Total RNAs extracted from each sample using the RNeasy Mini kit (Qiagen, 74106) were reverse-transcribed to cDNA according to the manufacturer’s instructions (Promega, M1705). Real-time PCR was performed using SYBR Premix Ex Taq (TaKaRa, RR820A) and the 7500 Real-Time PCR System (Applied systems), with the following parameters: 95 °C for 30 s, followed by 40 two-step cycles at 95 °C for 5 s and at 60 °C for 4 s. Primers for EGFP were 5′CAGAAGAACGGCATCAAGGT3′(forward) and 5′TGGGTGCTCAGGTAGTGGTT 3′(reverse). β-actin was used as a reference gene, and primer sequences for β-actin were 5′TGGACATCAGGAAGGACCTC3′ (forward) and 5′ACATCTGCTGGAAGGTGGAC3′ (reverse). Primers for GAPDH were 5′GTCGGTTGTGGATCTGACCT3′ (forward) and 5′ GTCCTCAGTGTAGCCCAGGA3′ (forward).

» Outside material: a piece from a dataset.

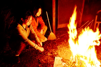 週末、正月の注連飾りを外して燃やした煙をかぶり、風邪を引いたりしないよう無病息災を祈願しました。この注連飾りは屋内外に複数飾ったもので、鏡割りの11日の夜に回収したのですが、屋外の飾りを回収していた霰があわてて勝手口から飛び込んできて
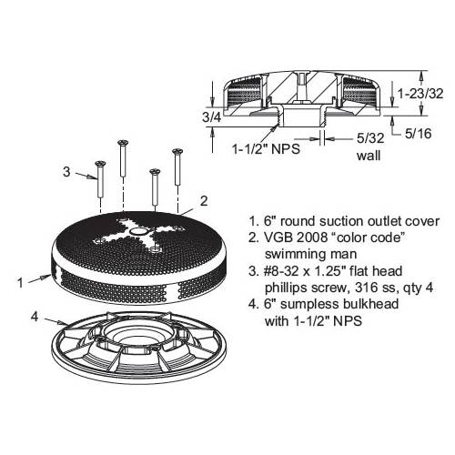 - For single or multiple drain use in gunite, steel, vinyl, fiberglass and tile pools and spas (see installation instructions)

The relative expression level of each gene was calculated by the ΔΔCt method, normalized to β-actin and GAPDH expression (housekeeping gene controls).

Bisulfite sequencing

Bisulfite convertion was performed on 0.5 µg of genomic DNA from site-specific integrated cell clones using the MethylDetector Kit (ACTIVE MOTIF, 55001), according to the manufacturer’s instructions. Bisulfited-modified DNA was used to amplify the promoter fragments by nested PCR using Taq DNA polymerase (Kangwei, CW0680F), with the following conditions: 94 °C for 5 min, followed by 35 three-step cycles at 94 °C for 30 s, 52 °C for 30 s, and 72 °C for 20 s. The PCR products of the first round were used as a template for second round amplification with the same condition. The final PCR products were separated on 2% agarose gels and purified, followed by TA cloning and sequencing. The presence of a cytosine residue after bisulfite treatment shows that the cytosine residue was protected from bisulfite modification by methylation. The primers were listed in Table S5.

Chromatin immunoprecipitation analysis

Site-specific integrated IBRS-2 cells cultured in 10 cm plates were cross linked with 1% formaldehyde, and analyzed using a ChIP assay kit (P2078, Beyotime) according to the manufacturer’s instructions. Genome DNA was fragmented by sonication. DNA-protein complexes were immunoprecipitated with the following antibodies: anti-H3K27me3 (abcam, ab6002). Unrelated antibody used is antibody for human lactoferrin (Sigma, L4894). After removing the protein, DNA was purified and qPCR was performed.

Statistical analysis

We employed the GraphPad Prism 5 software to conduct statistical analysis. Results are expressed as the mean ± SD. Unless otherwise indicated, differences between experimental groups were compared using an unpaired two-tailed Student’s t-test. P value < 0.05 was considered statistically significant.